ABC's This Week with George Stephanopoulos hosted the Family Research Council's Ken Blackwell to discuss the Supreme Court's ruling in favor of same-sex marriage, without disclosing the the organization's longstanding "hate group" designation.

On the June 28 edition of This Week, George Stephanopoulos hosted FRC senior fellow Ken Blackwell to discuss the Supreme Court's ruling on Friday that same-sex marriage bans are unconstitutional. Blackwell suggested that LGBT Americans should have been made to wait until they were granted equal rights through a constitutional amendment instead of through the Supreme Court.

Stephanopoulos failed to disclose that the Southern Poverty Law Center has designated the FRC a "hate group" since 2010, owing to its promotion of extreme and bigoted myths about LGBT people and calls by its employees to criminalize homosexuality. The FRC supported Uganda's 2012 "Kill the Gays" bill, and president Tony Perkins has consistently linked homosexuality to pedophelia, calling homosexuality a health risk. Read on...

I'd also like to know how a black man ever looks himself in the mirror again for the rest of his life after saying something like this and pretending that Loving v. Virginia never existed.

STEPHANOPOULOS: And the division, Justice Roberts said it wasn't in the Constitution at all.

ROBERTS: Right.

BLACKWELL: Right, but there wasn't anything in the Constitution. No one has a right to redefine marriage, a definition that has been in existence for over 2,500 years.

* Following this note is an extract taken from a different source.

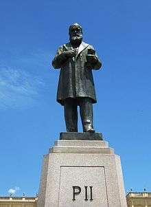 A law was proposed in the Chamber of Deputies to authorize the transfer of the bodies of Pedro II and his wife. Although it had support from old republicans, it was put aside due to a precondition from Princess Isabel that this could only be permitted if the banishment of her family was also rescinded.[17] The dedication of a statue of the Emperor in Petrópolis on 5 February 1911 was attended by more than 1,500 people, including members of the federal government.[18] Several statues of the monarch were erected throughout the country during the following years.[19] At this time, a manifesto written by former Presidents of the Council of Ministers, Lafayette, Ouro Preto and João Alfredo declared that "given the love that Brazilians have for their sovereigns, we agree to the return of the venerable remains back from São Vicente de Fora."[18]

The reality is this. The court did cert -- asset -- cut short the democratic process. And the reason that people are getting in a big uproar is because if you actually want change that is accepted by the folks, then, in fact, use that process.

STEPHANOPOULOS: Let me bring this -

BLACKWELL: You don't create a right that's not in -- in the Constitution.

Tell that to everyone who is in an interracial marriage right now Ken.